Sama klawiatura to pełne QWERTY z blokiem numerycznym. Jest to klawiatura wyspowa, czyli nie ma dużych krawędzi między klawiszami. Jeżeli ktoś jest fanem klawiszy z dużym skokiem, nie powinien się jednak martwić - skok jest dobrze wyczuwalny.
Dodanie bloku numerycznego pociąga za sobą jedną sporą wadę - strzałki są wciśnięte pomiędzy inne klawisze. W dodatku są takiego samego rozmiaru, co sąsiadujące Fn, 1 i 0, przez co przy pierwszych próbach pisania bezwzrokowego zdarzało mi się niechcący nie trafiać w strzałki.
Tuż pod klawirką mamy touchpad z jednym klawiszem na dole. Tenże klawisz pełni jednocześnie funkcje LPM i PPM zależnie od krawędzi, którą dociśniemy.

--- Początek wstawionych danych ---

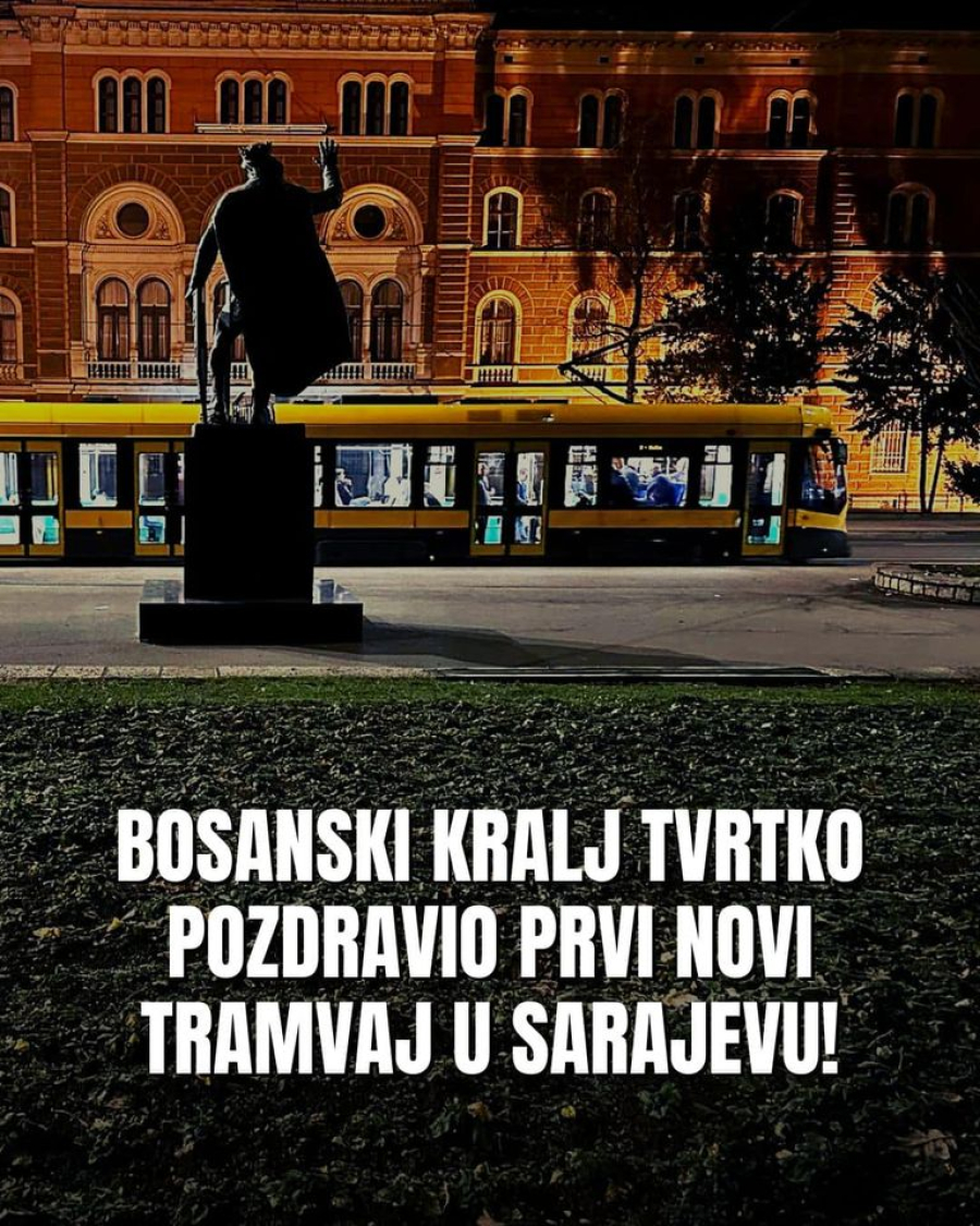 Bosanski kralj Tvrtko I Kotromanić pozdravio je prvi novi tramvaj u Sarajevu ❤️

Na samym dole widnieją ikonki Caps Locka, zasilania, Wi‑Fi, HDD i włącznika. Nie jestem pewien, co ta ostatnia właściwie pokazuje (każdy chyba wie, kiedy maszyna chodzi), w każdym razie świeci się podczas pracy.
Nieco problemów miałem z naklejkami (na zdjęciu numer 3 po lewej) - te od i3 oraz NVidii zeszły zostawiając kopę kleju, który niespecjalnie chciał się odczepić. Przez dobre kilka minut zdrapywałem resztki. Na szczęście z naklejką na touchpadzie problemów nie było.
I z zewnątrz
Na frontowej ściance znajduje się tylko wysuwany czytnik kart pamięci. Wszystkie gniazda przesunięto na boki.
Z lewej są gniazdo zasilania, HDMI oraz 2 USB. Z prawej (nieco za nagrywarką DVD) są 2 USB ustawione pionowo, jedno nad drugim. W sumie porty rozwiązano bardzo wygodnie - nic się nie plącze i podczas normalnej pracy w domu z lewej mam zasilanie, z prawej mysz na USB.
Zastosowana na górnej pokrywie oraz w środku bordowa faktura jest BARDZO podatna na palcowanie. Ślady dotknięć wyraźnie widać.
7 Pasażer Nostromo
Domyślnie maszyna wyposażona jest w 64‑bitową wersję Windows 7 Home Premium. Tutaj pragnę zaznaczyć, że głosy jakoby preinstalowana była wersja 32‑bitowa, przynajmniej w przypadku mojej wersji (JS0D PL), nie znajdują potwierdzenia.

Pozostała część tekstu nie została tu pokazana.